If one were to design a path to authoritarian rule, it would be what we have seen in the first weeks of the Trump administration. For my book “No Democracy Lasts Forever,” I studied how democracies die and are replaced by authoritarian regimes. Almost always the rulers are elected rather than coming to power through a coup, and then they consolidate authority and silence their critics.
On the global front, it’s “the beginning of the end” of US global health leadership, says Council of Foreign Relations Senior Fellow David P. Fidler. When it comes to climate change, some analysts believe that Trump’s rhetoric is expected to find a more positive reception as threats to energy security hold back more ambitious action. At the same time, the climate market is only growing, and scaling back US investment is only expected to create room for other countries to take advantage of opportunities. Ditto with aid and geopolitics. China is in prime position to swoop in, but some reports point to the EU, Brazil, and African nations as expected beneficiaries of the power vacuum.
In the words of Ghanaian President John Dramani Mahama, as reported by Devex:
“One thing the U.S. will lose is that soft power it has wielded in the world — I mean, these are people that are grateful for the assistance they get.
We will continue to cooperate with other countries and that’s why we have a multipolar world.
As bridges are burning, new bridges are being formed.
So, how to respond?
I’ve given a view in last week’s post—and there’s a whole range of analyses to learn from and consider. Some commentators believe there’s scope to work with the new administration, either to persuade it to change course or find a compromise on how to reform the programmes under review. Others focus on how the development sector should adapt to an era where countries no longer depend on aid. The adaptation message also comes up in a call to focus on where positive action can be taken.

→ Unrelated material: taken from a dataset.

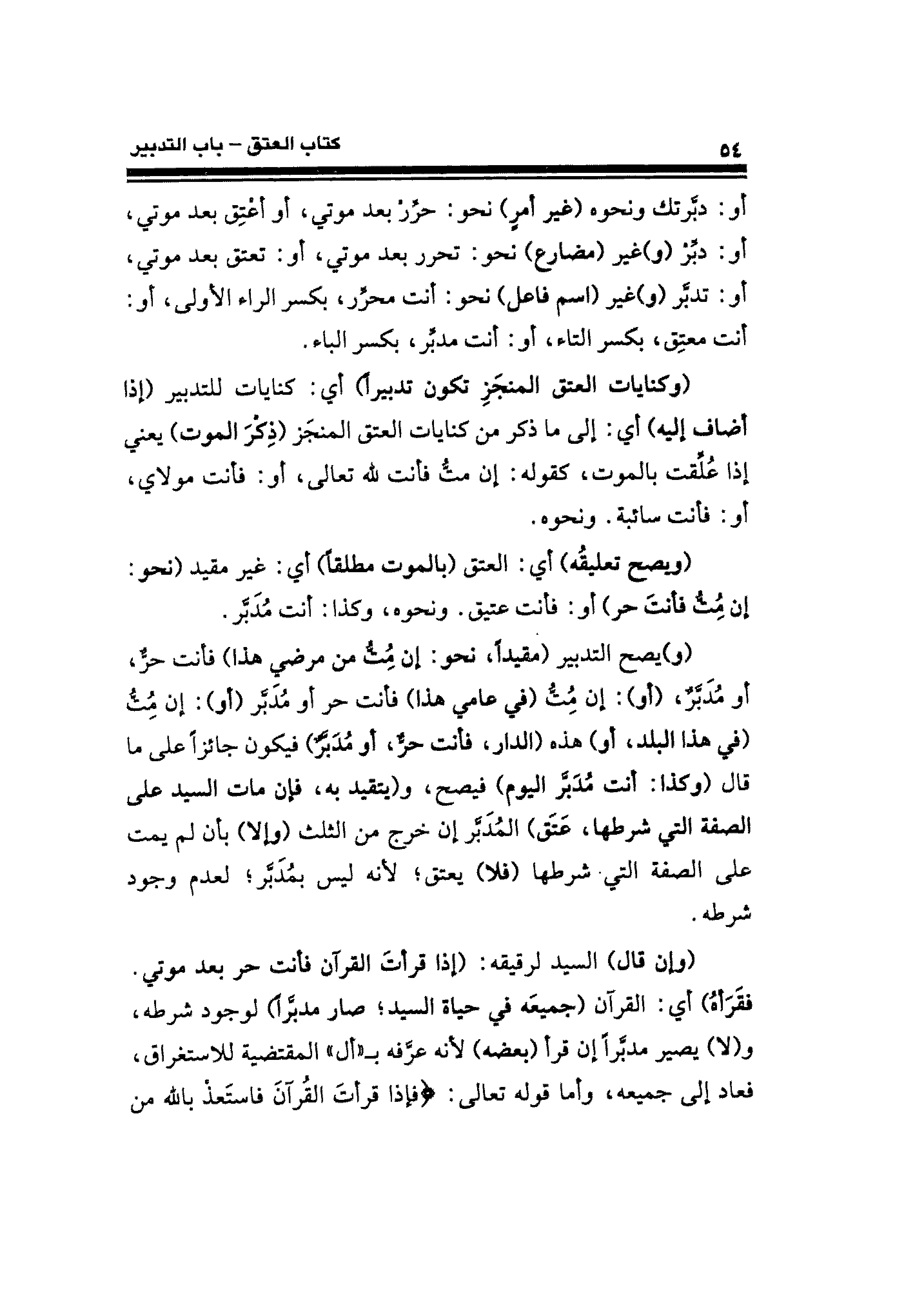 أو: دبَّرتك ونحوه (غير أمرٍ) نحر: حرِّرْ بعد موتي، أو أعْتِق بعد موتي، أو: دبِّرْ (و) غير (مضارع) نحو: تحرر بعد موتي، أو: تعتق بعد موتي، أو: تدبَّر (و) غير (اسم فاعل) نحو: أنت محرِّر، بكسر الراء الأولى، أو: أنت معتِق، بكسر التاء، أو: أنت مدبِّر، بكسر الباء.

Then there are those who urge tireless monitoring and resistance, even rule-breaking, in the face of actions that compromise human rights.
I’ll leave it here, with a last word from Willow Defebaugh, co-founder & editor-in-chief of Atmos:
In the face of a changing landscape, now more than ever we must take a page from nature’s playbook and learn to adapt.
📌 Sources and details are available to paid subscribers here (a gift subscription is available).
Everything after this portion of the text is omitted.